After weeks of declines, city officials say they’ve seen a recent uptick of about 10%-15% more COVID-19 in wastewater samples.

For much of the pandemic, "we were seeing, statistically, about a five-to-seven day leading indicator from an increase in viral load in the wastewater to an increase in clinical cases," Falconer said. Simply put, an increase of COVID-19 in wastewater one week typically meant an increase in new cases the next.

Initially, Boise was among around 600 entities partnering with water testing company BioBot. Pre-pandemic, Biobot was known as a multi-purpose testing and analysis service, with a focus on ailments like norovirus and illicit drugs.

It still does that testing, but pivoted quickly as the pandemic unfolded, helping many municipalities establish wastewater testing for COVID-19 across the country — though Biobot Business Development Manager Jennings Heussner said it's currently partnering with only around 100 companies and communities on COVID-19 testing.

Boise found a better fit for its wastewater analysis using labs at the University of Missouri, and until early November, was sending samples from two sites in Boise by express mail to Missouri three times each week.

Now, the city hand-delivers its samples to Boise State University, and test results arrive sooner showing how much virus is present in local wastewater. The change also saves the city about $1,000 per week, as testing at Boise State is federally funded.

While the data isn't a perfect predictor of cases or hospitalizations, it is shared with federal and local public health officials and local hospital administrators as a way to help prepare for changes in the health of the community.

Falconer said test results informed decisions the city made starting early in the pandemic, and the link between what's in our sewers and the overall health of the public is understood better than before.

"We've created this partnership in a way that is certainly informative during the pandemic, but has the potential to also be useful over time," she said.

Idaho Health and Welfare's Dr. Ball said wastewater scans could be even more important as at-home COVID testing becomes more common, because those test results aren't necessarily going to be reported to public health officials.

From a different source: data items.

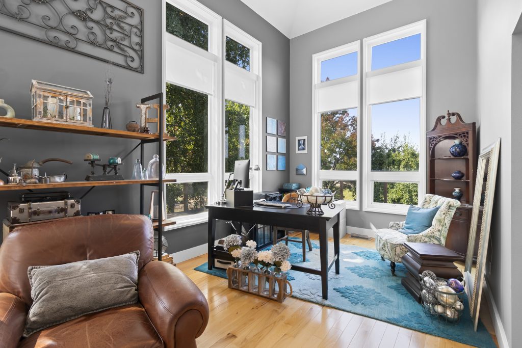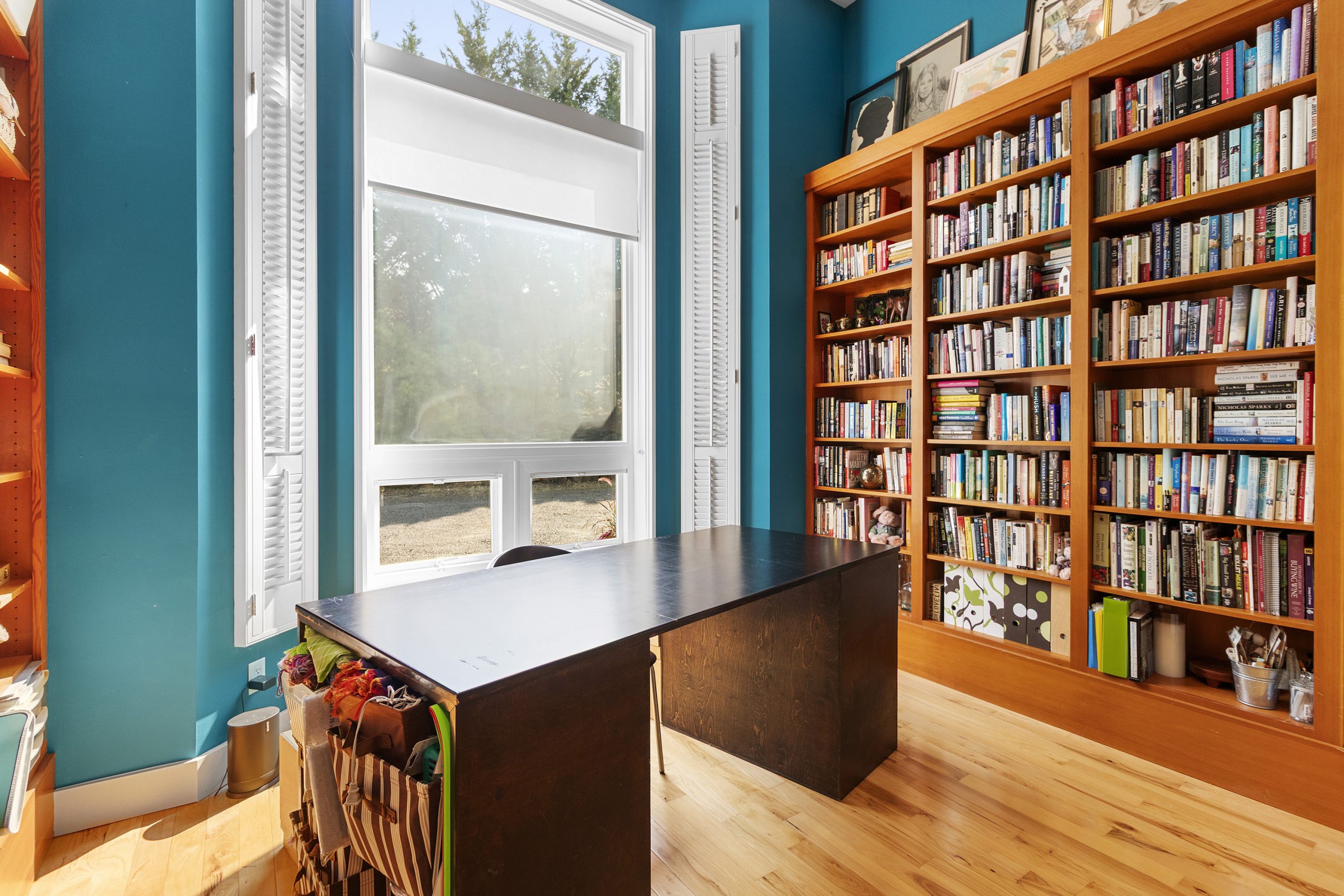 Custom built in window seat with storage in kitchen. Custom shades in living room, library.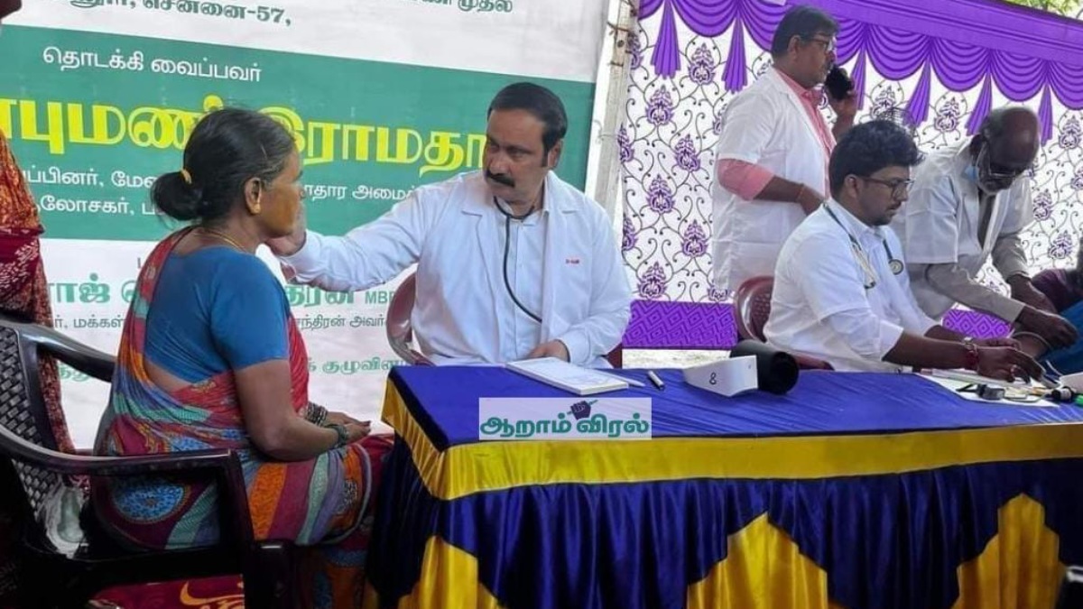 அன்புமணியை பாருங்களேன்.. டாக்டர் கோர்டில் ஸ்டெதஸ்கோப் அணிந்து எண்ணூர் மக்களுக்கு உடல்நல பரிசோதனை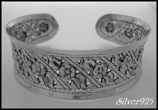 - シルバー925銀のプルメリア フラワー バングル/フリーサイズ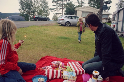 Sich noch unschlüssig dem "Geburtstagstisch" nähern, während wir für den ganzen Campingplatz "Happy Birthday" singen ..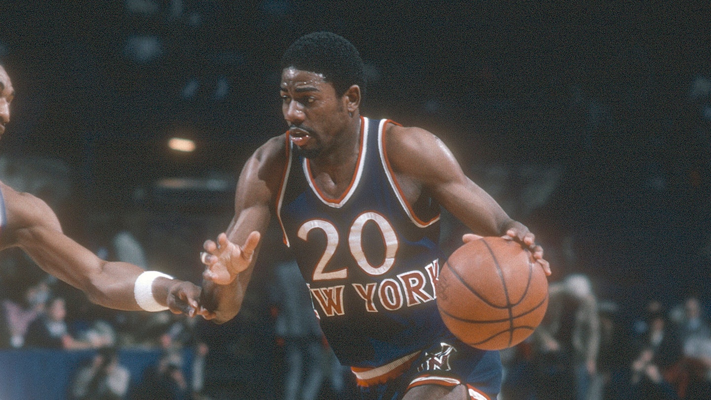 Michael Ray Richardson of the New York Knicks dribbles the ball against the New Jersey Nets during an NBA basketball game circa 1979 at Madison Square Garden. (Focus on sport/Getty Images)

Falconer agreed. "It is an imperfect data set in this pandemic, like all of our data. Where it's really beneficial is really filling that gap," she said.

Boise also tests each week for the presence of variants, which still requires sending samples to the University of Missouri. The turn-around time for results is longer, too: 10-14 days. But even with that processing time, wastewater is still likely to be a leading indicator for Idaho.

The Delta variant was first detected in local wastewater before the first case was diagnosed by an individual test. Falconer expects a similar story with Omicron.

Troy Oppie is a reporter and local host of 'All Things Considered' for Boise State Public Radio News.